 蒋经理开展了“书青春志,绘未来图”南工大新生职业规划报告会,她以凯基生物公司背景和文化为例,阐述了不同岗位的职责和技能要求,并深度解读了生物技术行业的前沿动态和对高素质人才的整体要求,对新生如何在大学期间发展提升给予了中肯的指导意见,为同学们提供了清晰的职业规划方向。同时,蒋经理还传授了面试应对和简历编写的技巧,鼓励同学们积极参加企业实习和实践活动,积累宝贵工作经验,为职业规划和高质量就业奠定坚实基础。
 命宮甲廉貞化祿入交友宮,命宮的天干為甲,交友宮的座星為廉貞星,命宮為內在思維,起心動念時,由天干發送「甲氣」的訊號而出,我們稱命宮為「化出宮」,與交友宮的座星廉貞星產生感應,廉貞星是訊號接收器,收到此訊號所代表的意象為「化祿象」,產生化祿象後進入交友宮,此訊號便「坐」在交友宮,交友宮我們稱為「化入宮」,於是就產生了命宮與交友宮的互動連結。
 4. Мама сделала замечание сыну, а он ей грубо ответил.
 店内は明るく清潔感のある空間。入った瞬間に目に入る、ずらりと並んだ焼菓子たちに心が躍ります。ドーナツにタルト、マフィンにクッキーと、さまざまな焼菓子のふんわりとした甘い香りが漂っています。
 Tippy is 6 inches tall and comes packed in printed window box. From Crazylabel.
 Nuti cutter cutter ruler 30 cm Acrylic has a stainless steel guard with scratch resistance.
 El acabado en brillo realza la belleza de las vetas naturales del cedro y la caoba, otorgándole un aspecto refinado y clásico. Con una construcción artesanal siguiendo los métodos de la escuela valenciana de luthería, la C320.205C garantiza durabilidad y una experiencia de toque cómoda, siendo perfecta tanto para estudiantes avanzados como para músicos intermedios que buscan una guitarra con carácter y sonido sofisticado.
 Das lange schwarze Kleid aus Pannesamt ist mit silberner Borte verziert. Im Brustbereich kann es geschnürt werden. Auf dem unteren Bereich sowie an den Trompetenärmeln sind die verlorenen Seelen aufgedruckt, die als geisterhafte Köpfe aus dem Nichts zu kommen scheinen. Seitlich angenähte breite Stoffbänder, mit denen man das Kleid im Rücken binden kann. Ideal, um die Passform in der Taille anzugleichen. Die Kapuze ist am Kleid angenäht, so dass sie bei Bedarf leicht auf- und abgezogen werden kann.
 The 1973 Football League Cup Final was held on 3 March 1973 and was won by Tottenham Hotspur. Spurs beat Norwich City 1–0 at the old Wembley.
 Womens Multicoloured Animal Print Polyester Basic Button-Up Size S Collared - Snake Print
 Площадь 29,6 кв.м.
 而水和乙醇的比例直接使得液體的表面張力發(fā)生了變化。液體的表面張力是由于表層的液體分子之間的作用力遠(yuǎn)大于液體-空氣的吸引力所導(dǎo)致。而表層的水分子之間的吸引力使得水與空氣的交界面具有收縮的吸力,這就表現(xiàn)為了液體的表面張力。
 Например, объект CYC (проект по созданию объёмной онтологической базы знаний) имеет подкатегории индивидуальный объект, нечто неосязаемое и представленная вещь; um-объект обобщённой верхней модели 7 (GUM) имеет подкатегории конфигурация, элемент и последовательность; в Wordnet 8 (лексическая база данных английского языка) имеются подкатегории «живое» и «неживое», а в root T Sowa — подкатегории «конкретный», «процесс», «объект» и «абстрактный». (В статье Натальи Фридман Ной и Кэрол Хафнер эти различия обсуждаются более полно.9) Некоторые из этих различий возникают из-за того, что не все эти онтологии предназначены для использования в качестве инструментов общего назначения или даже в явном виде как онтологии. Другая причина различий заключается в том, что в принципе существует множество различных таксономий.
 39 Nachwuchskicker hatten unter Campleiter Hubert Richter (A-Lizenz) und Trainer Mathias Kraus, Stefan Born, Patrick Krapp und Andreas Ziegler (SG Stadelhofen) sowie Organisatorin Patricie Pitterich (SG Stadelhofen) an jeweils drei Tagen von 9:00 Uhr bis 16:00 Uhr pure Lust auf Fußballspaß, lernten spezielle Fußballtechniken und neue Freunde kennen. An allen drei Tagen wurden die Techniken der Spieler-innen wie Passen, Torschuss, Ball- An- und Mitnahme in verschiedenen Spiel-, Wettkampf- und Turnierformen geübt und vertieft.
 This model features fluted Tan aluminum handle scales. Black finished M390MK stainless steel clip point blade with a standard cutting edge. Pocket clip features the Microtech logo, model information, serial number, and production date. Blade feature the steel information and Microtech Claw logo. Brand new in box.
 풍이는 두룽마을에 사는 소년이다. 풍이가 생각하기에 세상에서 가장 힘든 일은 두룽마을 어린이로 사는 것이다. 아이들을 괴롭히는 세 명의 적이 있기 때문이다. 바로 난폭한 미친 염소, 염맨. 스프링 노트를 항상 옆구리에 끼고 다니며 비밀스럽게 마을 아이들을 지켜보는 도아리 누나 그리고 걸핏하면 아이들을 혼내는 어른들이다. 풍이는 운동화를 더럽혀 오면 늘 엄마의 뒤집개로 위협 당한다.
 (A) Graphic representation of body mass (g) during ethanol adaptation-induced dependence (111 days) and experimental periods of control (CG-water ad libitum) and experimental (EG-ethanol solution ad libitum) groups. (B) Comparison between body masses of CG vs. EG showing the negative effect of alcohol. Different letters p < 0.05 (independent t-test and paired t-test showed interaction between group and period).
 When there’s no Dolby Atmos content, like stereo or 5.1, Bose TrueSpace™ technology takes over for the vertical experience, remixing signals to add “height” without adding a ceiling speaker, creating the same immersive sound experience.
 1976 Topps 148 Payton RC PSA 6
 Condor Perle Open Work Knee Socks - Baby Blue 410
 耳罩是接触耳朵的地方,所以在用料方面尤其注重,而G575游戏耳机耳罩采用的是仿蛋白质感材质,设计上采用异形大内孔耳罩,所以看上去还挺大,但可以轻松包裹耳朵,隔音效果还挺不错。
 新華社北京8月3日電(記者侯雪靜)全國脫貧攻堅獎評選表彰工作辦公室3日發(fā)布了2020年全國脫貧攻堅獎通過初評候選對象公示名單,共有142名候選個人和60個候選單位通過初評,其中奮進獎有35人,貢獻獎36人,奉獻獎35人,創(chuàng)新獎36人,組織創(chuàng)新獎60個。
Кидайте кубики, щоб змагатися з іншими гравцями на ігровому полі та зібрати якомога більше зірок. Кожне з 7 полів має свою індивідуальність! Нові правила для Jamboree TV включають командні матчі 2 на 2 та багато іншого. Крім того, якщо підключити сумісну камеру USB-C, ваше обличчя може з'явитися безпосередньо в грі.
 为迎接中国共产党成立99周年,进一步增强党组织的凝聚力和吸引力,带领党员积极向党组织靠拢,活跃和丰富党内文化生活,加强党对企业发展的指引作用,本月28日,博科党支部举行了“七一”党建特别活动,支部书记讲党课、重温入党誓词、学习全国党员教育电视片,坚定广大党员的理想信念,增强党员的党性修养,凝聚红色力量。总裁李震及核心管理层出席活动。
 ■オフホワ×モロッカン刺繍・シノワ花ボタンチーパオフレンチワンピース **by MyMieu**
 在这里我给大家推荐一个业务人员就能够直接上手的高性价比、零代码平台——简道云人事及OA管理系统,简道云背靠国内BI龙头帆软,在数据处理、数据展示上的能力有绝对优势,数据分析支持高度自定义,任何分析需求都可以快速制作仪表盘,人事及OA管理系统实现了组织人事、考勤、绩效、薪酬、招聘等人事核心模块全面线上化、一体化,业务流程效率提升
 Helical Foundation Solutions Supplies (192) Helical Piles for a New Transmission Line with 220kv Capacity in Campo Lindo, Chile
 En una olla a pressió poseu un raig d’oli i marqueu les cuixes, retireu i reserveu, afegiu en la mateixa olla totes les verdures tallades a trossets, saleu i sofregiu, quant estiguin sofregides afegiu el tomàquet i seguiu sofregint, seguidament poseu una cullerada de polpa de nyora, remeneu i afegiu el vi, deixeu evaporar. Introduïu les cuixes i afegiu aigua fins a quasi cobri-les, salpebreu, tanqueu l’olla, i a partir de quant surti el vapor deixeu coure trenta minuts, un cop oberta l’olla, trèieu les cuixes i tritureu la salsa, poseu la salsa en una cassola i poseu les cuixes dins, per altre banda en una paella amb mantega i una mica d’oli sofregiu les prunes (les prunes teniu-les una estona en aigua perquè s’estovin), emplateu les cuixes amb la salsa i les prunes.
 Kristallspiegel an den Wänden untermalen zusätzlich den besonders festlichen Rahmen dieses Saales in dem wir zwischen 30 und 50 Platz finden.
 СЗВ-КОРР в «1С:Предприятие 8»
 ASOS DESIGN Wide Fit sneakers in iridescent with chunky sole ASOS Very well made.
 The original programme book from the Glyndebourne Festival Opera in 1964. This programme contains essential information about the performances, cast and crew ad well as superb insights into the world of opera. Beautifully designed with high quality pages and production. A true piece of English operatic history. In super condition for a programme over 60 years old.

● WHAT IS NEEDED: Each line of the entries above that has the word "over" is to be copied.

● SOLVED PROBLEM:
 When there’s no Dolby Atmos content, like stereo or 5.1, Bose TrueSpace™ technology takes over for the vertical experience, remixing signals to add “height” without adding a ceiling speaker, creating the same immersive sound experience.
 The original programme book from the Glyndebourne Festival Opera in 1964. This programme contains essential information about the performances, cast and crew ad well as superb insights into the world of opera. Beautifully designed with high quality pages and production. A true piece of English operatic history. In super condition for a programme over 60 years old.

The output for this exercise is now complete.